KENDARINEWS.COM — Para pemimpin oposisi Kamerun menolak hasil pemilihan presiden yang memperpanjang masa jabatan Presiden Paul Biya (92) selama tujuh tahun, dikutip dari SINDONews.com. Mereka menyatakan hasil tersebut tidak mencerminkan keinginan rakyat di negara yang telah lama bergulat dengan konflik separatis.
Dewan Konstitusi Kamerun pada Senin menetapkan Biya sebagai pemenang dengan lebih dari 53% suara. Keputusan ini bersifat final dan tidak dapat diajukan banding, membuat Biya memimpin untuk periode kedelapan. Hasil ini memicu protes keras di beberapa kota, terutama di Douala, pusat komersial negara penghasil minyak dan kakao tersebut.

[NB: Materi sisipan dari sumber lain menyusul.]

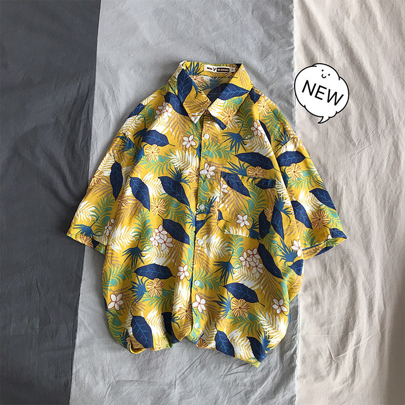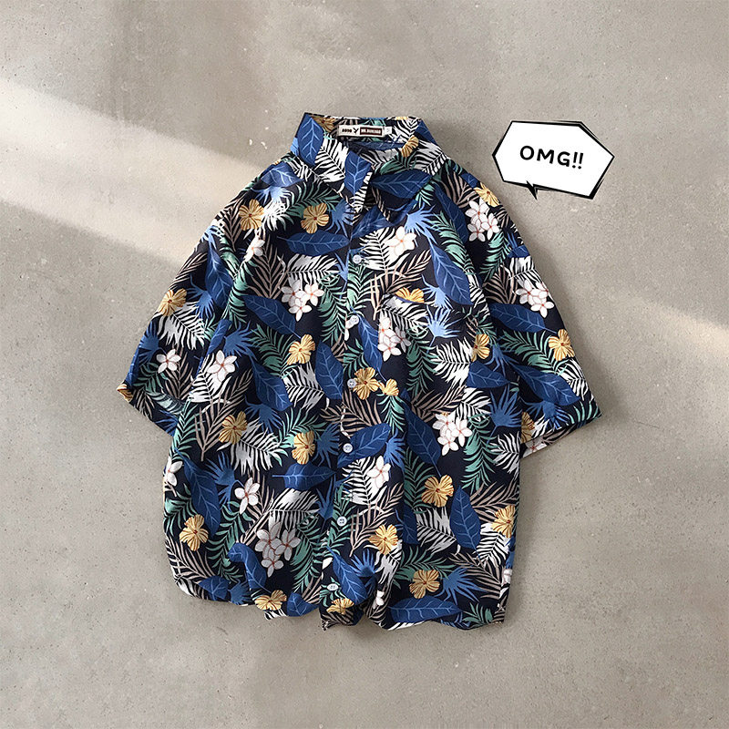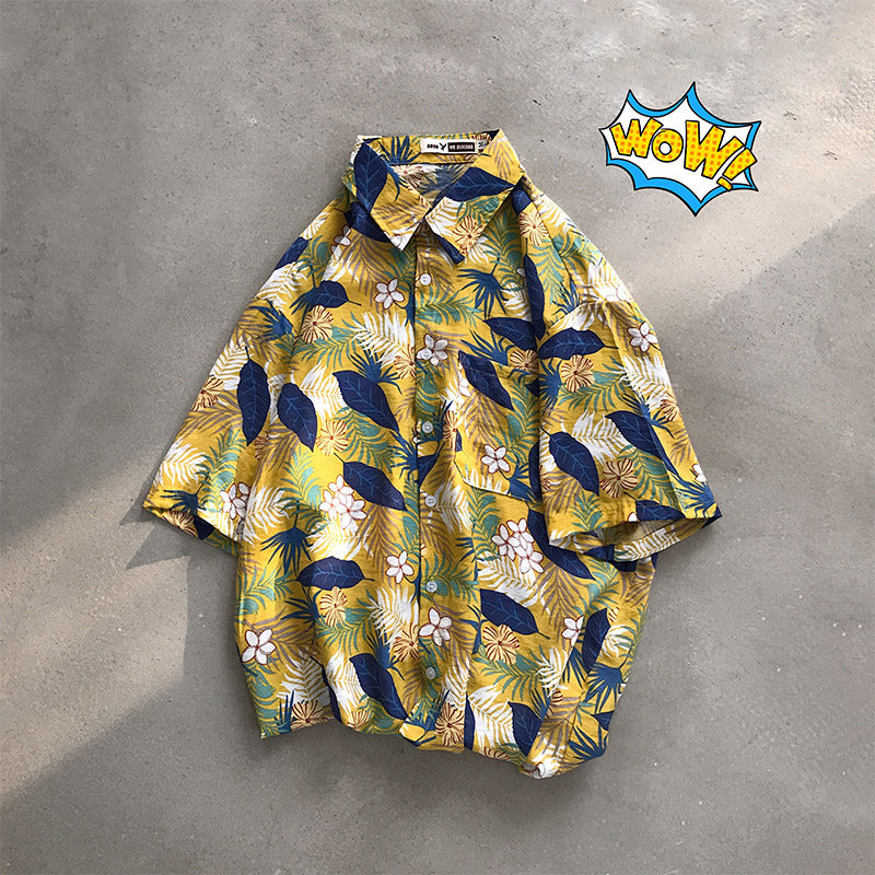 Tidal Signs Port Wind Retro Flowers Shirts Men's Size Chic Holiday Tide Thin Hawaiian Beach short sleeve shirt
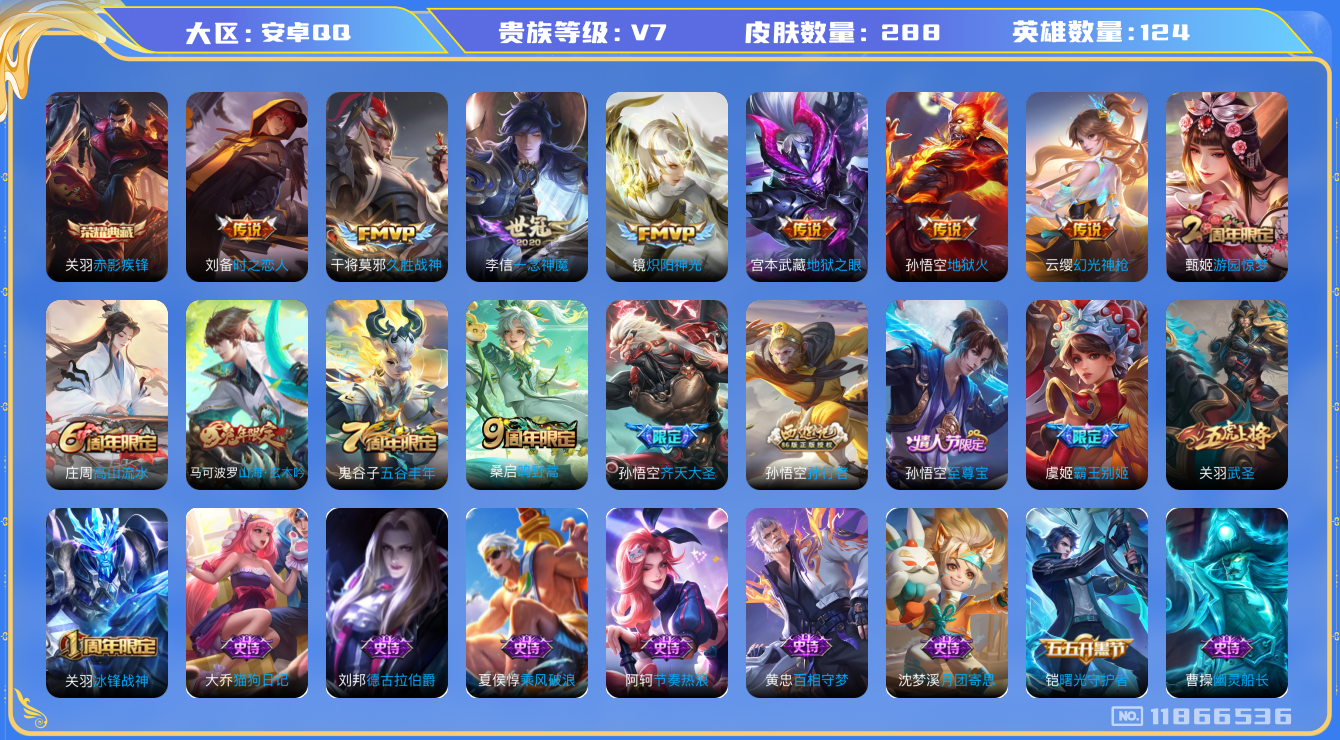 - [11874164]V7 1典藏 1珍品传说 6传说 124英雄 209皮肤 可修改实名 优质装备:拾光映像(瑶典藏),大耳狗之梦,黄金白羊座,云霓雀翎,时之恋人-刘备(电焊工),音你闪耀(rap皮) 珍宝阁皮:蔷薇恋人 限定皮:愿照·众生和(妲己年限),鸣野蒿,傲雪梅枪,五谷丰年,李小龙,山海·玄木吟(马可年限) 史诗皮:鸭鸭历险记-刘禅,化蝶舞,龙之律动,石田雨龙,茶境仙,战舞者,蒙犽顽岩魄,百相守梦-百里守约,百相守梦-黄忠,紫霞仙子,苍穹之光,电玩小子(小书包),千年之狐,江河有灵,匿光侦查者,百解令(蒙犽),冰冠公主,百相守梦(刘备),末日机甲-吕布,猫狗日记-大乔,时之恋人-孙尚香,乱世虎臣,节奏热浪,女仆咖啡,摇滚巨星,水果甜心,绅士熊喵,心灵骇客,功夫厨神,暗隐猎兽者,幽灵船长,鬼剑武藏,心灵战警,乐园奇幻夜,舞动绿茵,纤云弄巧,拒霜思,缤纷独角兽,乘风破浪,逐浪之夏,水晶猎龙者,曙光守护者,箭羽风息,金属风暴,圣诞狂欢,圣诞恋歌,鹰眼统帅,无心,未来纪元-赵云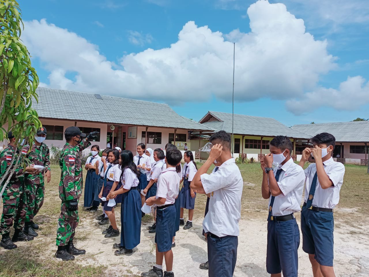Selain membagikan masker juga menerapkan pentingnya pola hidup sehat dan bersih baik di sekitar sekolah maupun di rumah tempat tinggal masing-masing”,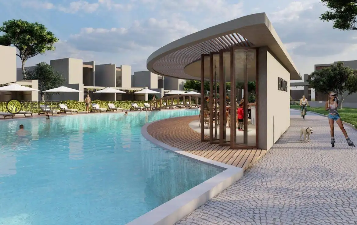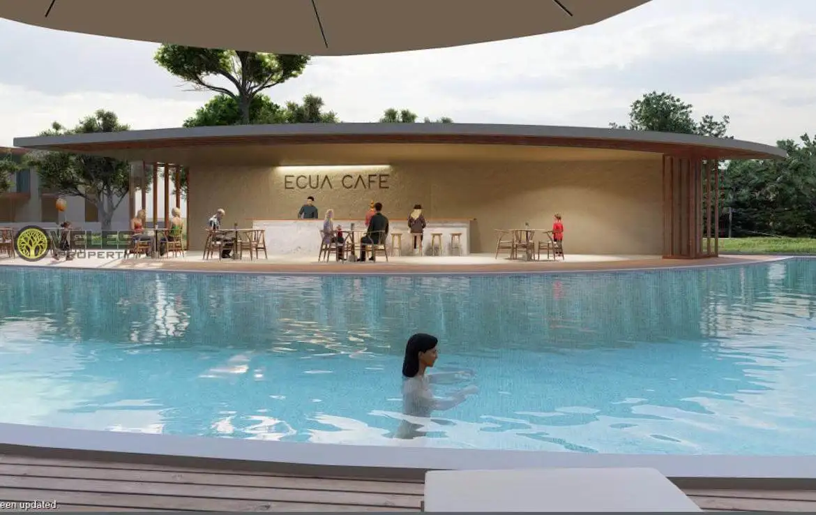 There is a pool and a poolside cafe on the premises. Additionally, the complex has a secured entrance. A pedestrian walkway and green area for children and family recreation.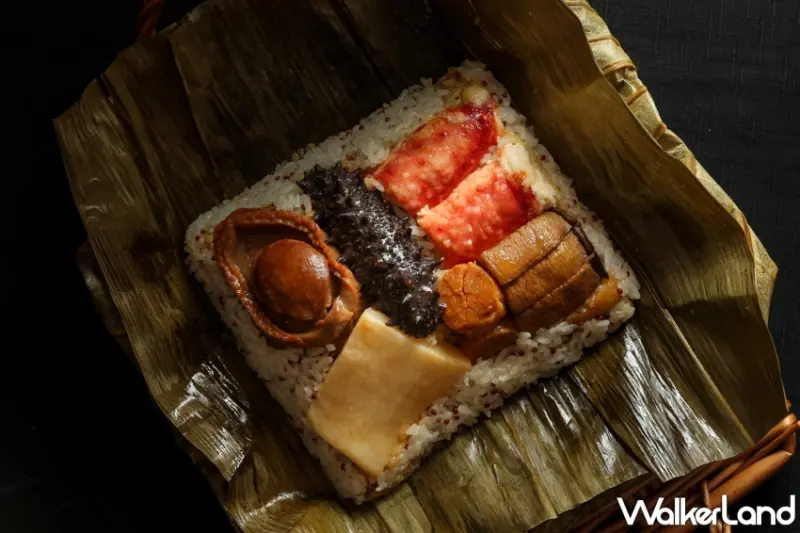 爽嫩脆口的刺參則耗時5天反覆泡、發、洗,再以高湯、蠔油扣燉入味。連包粽用的長糯米與圓糯米,也是浸泡一晚後蒸熟,再加入紅藜麥增添口感與香氣,佐以油潤鹹蛋黃、栗子、蓮子、及冬菇,再以香氣特殊的竹葉與荷葉雙層包裹後蒸3小時而成。食用時佐以主廚自製蠔油,豐富食材與綿密糯米完美交融,展現了視覺與味覺兼具的美食體驗,每顆600克、可供四人享用,價格為8,800元。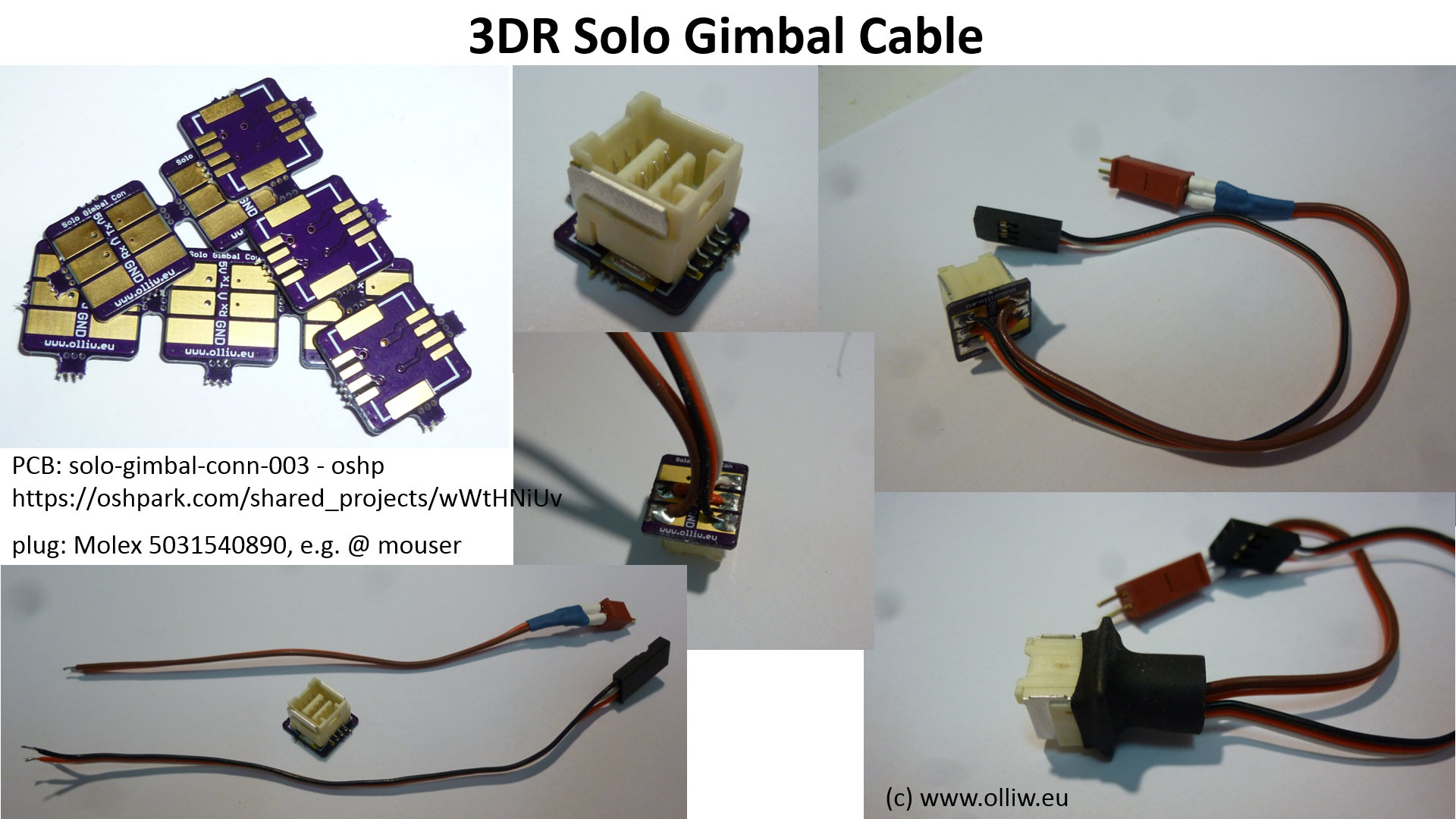 The gimbal cable in the Solo uses a really unusual connector, and connecting a third-party gimbal, such as a STorM32, can be a real pain because of that. I initially cut through some wires and extended them, which of course worked, but was ugly. So, I designed a small PCB, which yielded a nice adapter cable, which directly fits to my STorM32 gimbals.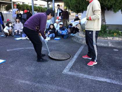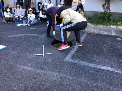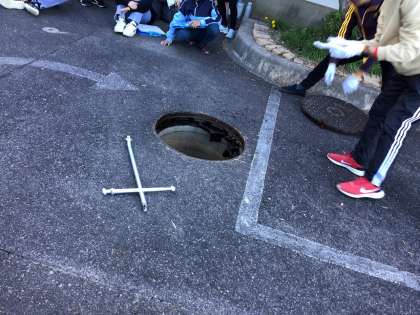 まずは工具を使って、先生たちでマンホールを撤去しました。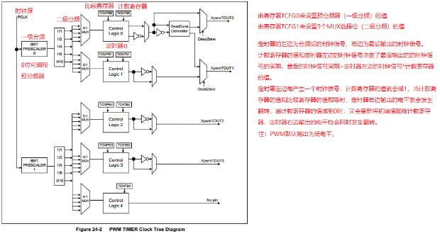 还是根据S3C2440手册的描述和上图的结构,要开始一个PWM定时器功能的步骤如下(假设使用的是第一个定时器):
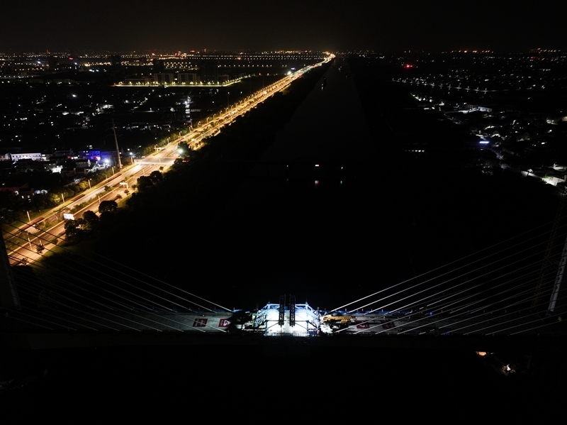 7月1日凌晨,由中國鐵建大橋局承建的滬渝蓉高鐵通泰揚特大橋跨引江河斜拉橋順利合龍。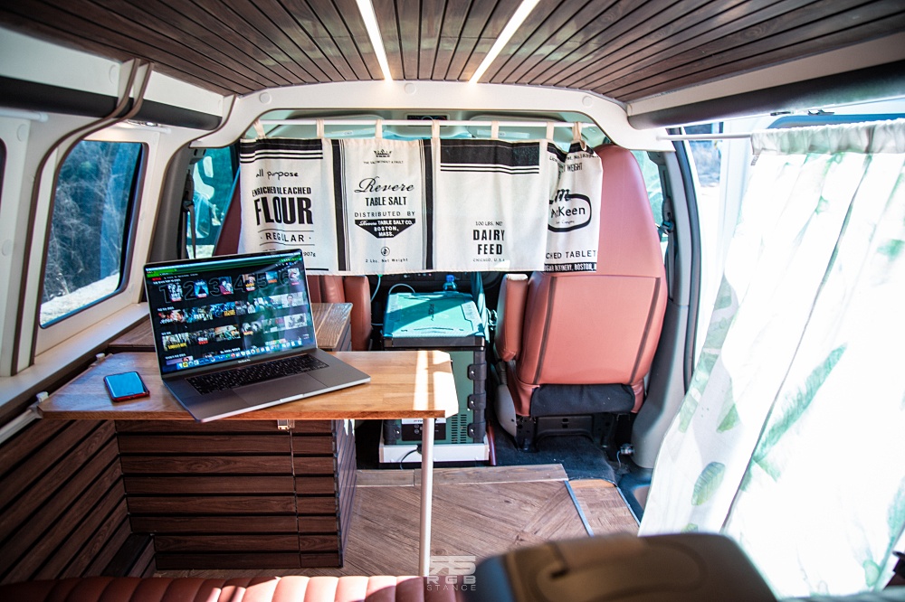 익스프레스 밴은 풀사이즈밴으로, 최대 15인승까지 시트 배열이 가능해 해외에서는 여행 가이드용으로도 많이 사용되곤 한다. 하지만, 이 캠퍼밴은 1열과 3열 시트만 남기고 개조되었으며, 1열 시트는 회전까지 가능해 테이블을 사이에 두고 서로 대화를 나누기에도 충분하다. 화장실만 없을 뿐이지, 웬만한 원룸만한 여유로운 사이즈를 보여준다.

Penantang utama Biya, Issa Tchiroma Bakary, sebelumnya mengklaim kemenangan dan menegaskan tidak akan menerima hasil lain. Pendukungnya turun ke jalan, bentrok dengan polisi anti huru hara, membakar ban, dan memblokir jalan-jalan. Menurut pihak oposisi, protes menewaskan sedikitnya enam orang selama akhir pekan hingga Senin.
Sementara itu, basis pendukung Biya merayakan kemenangannya dan menteri pemerintah mengadakan pesta. Jalanan Douala yang biasanya ramai tetap sepi pada Selasa karena hujan dan pengawasan ketat aparat keamanan.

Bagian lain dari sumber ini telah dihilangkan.